About accessibility features

A document or application is accessible if it can be used by people with disabilities—such as mobility impairments, blindness, and low vision—and not just by people who can see well and use a mouse. Accessibility features in Adobe Acrobat, Adobe Reader, and Adobe Portable Document Format (PDF) make it easier for people with disabilities to use PDF documents and forms, with or without the aid of assistive software and devices such as screen readers, screen magnifiers, and braille printers.

Making PDFs accessible tends to benefit all users. For example, the underlying document structure that makes it possible for a screen reader to properly read a PDF out loud also makes it possible for a mobile device to correctly reflow and display the document on a small screen. Similarly, the preset tab order of an accessible PDF form helps all users—not just users with mobility impairments—fill the form more easily.

Accessibility features in Acrobat and Reader fall into two broad categories: features to make the reading of PDF documents more accessible and features to create accessible PDF documents. To create accessible PDF documents, you must use Acrobat, not Reader.

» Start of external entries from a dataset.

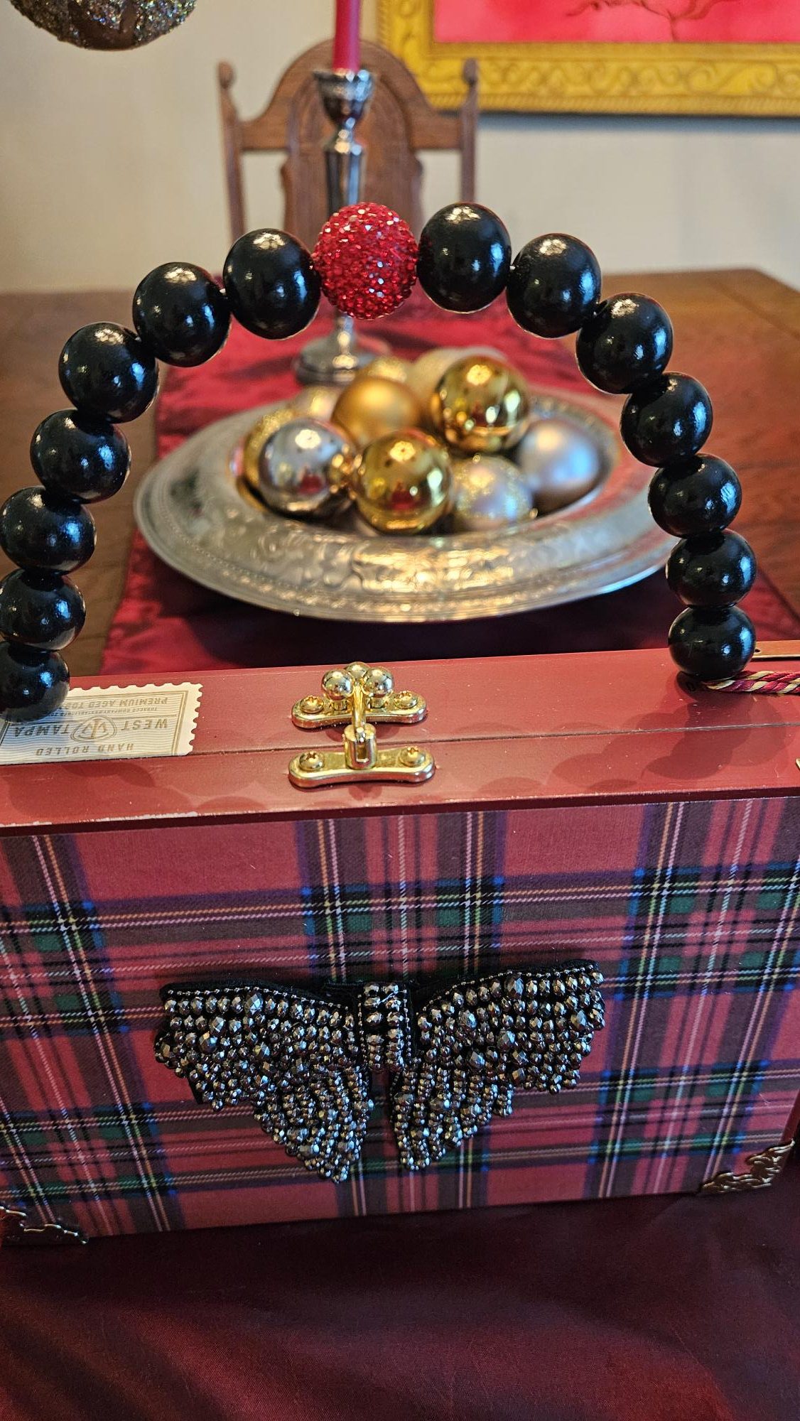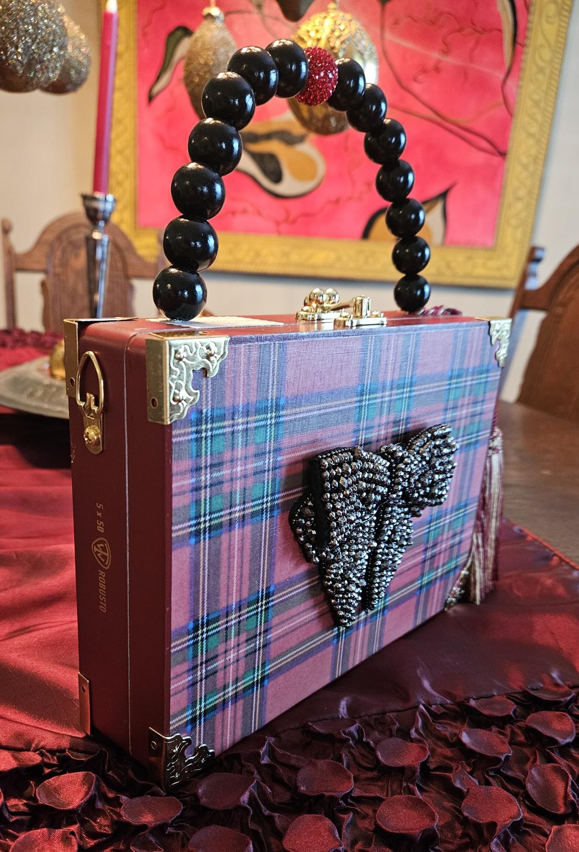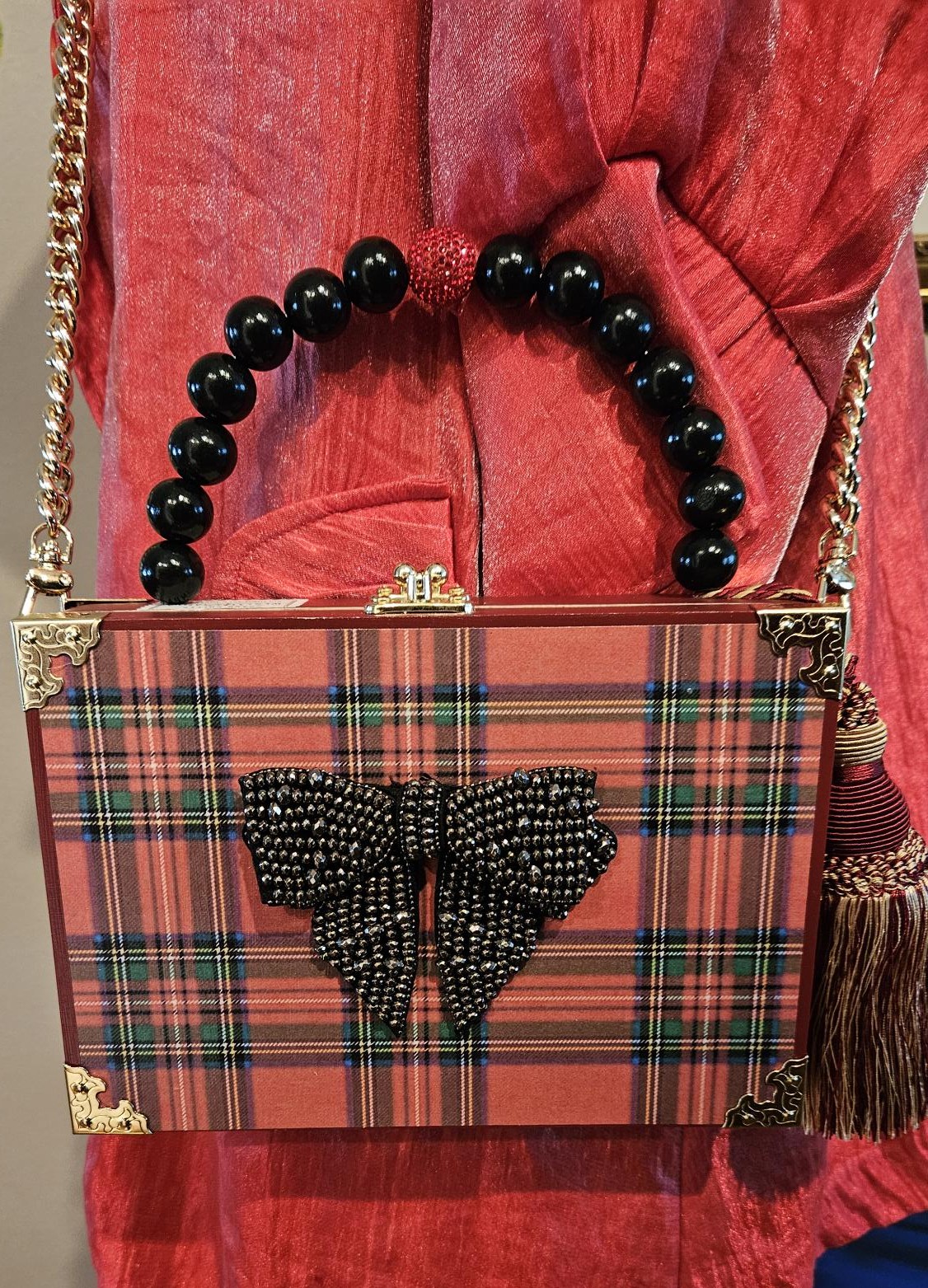2231 Christmas Black Crystal Bow on Red Tartan Plaid Cigar Box Purse
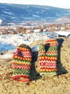 These mittens are inspired by colours and patterns in an “åkle” (blanket) that I once saw in Holbøstua at Maihaugen museum. You can use similar colours, or maybe a blanket or bedspread close to you can inspire you?
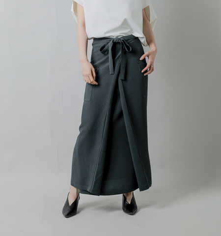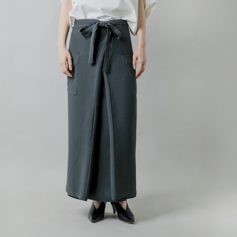 このスカートの特徴は巻き方によって表情を変えられる点。ラップを重ねる側はプリーツスカート風に、重ねない側はすっきりしたペンシルスカート風のシルエットに。ミニマルな中に、着方によるニュアンスの違いを楽しめる一着です。
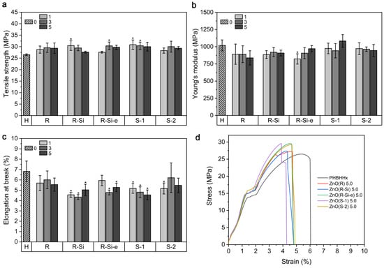 Mechanical properties of PHBHHx/ZnO nanocomposite films with different ZnO types and concentrations (1, 3, and 5 wt.%) and unfilled PHBHHx (H) films (n = 5, ±1 SD): (a) tensile strength, (b) Young’s modulus, (c) elongation at break, (d) average stress-strain curves for 5 wt.% ZnO. Bars with * denote statistical differences (p < 0.05) compared to PHBHHx.
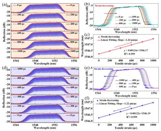 For larger dynamic range strain sensing, the dual-mode spectrum interrogation approach can be employed. Figure 6a,d illustrates the recorded reflection spectrum evolutions with strain increasing (0–1000 µε) and decreasing (1000 µε to 0 µε) in a step of 20 µε. The envelopes of the reflection spectra are extracted and shown in Figure 6b,e. The center wavelength of the envelope varies with the applied strain, where a sensitivity of ~1.24 pm/με is obtained by a linear fit of the data (R2 = 0.999). The sensitivity is comparable to the results obtained by tracking one of the resonant dips within the interference spectrum.

Features for accessible reading of PDFs

  • Preferences and commands to optimize output for assistive software and devices, such as saving as accessible text for a braille printer

  • Preferences and commands to make navigation of PDFs more accessible, such as automatic scrolling and opening PDFs to the last page read

  • Accessibility Setup Assistant for easy setting of most preferences related to accessibility

  • Keyboard alternates to mouse actions

  • Reflow capability to temporarily present the text of a PDF in a single easy-to-read column

  • Read Out Loud text-to-speech conversion. This feature is available for Linux but not for other versions of UNIX.

  • Support for screen readers and screen magnifiers

Features for creating accessible PDFs

  • Creation of tagged PDFs from authoring applications

  • Conversion of untagged PDFs to tagged PDFs

  • Security setting that allows screen readers to access text while preventing users from copying, printing, editing, and extracting text

  • Ability to add text to scanned pages to improve accessibility

Though Acrobat Standard provides some functionality for making existing PDFs accessible, you must use Acrobat Professional or Acrobat 3D to perform certain tasks—such as editing reading order or editing document structure tags—that may be necessary to make some PDF documents and forms accessible.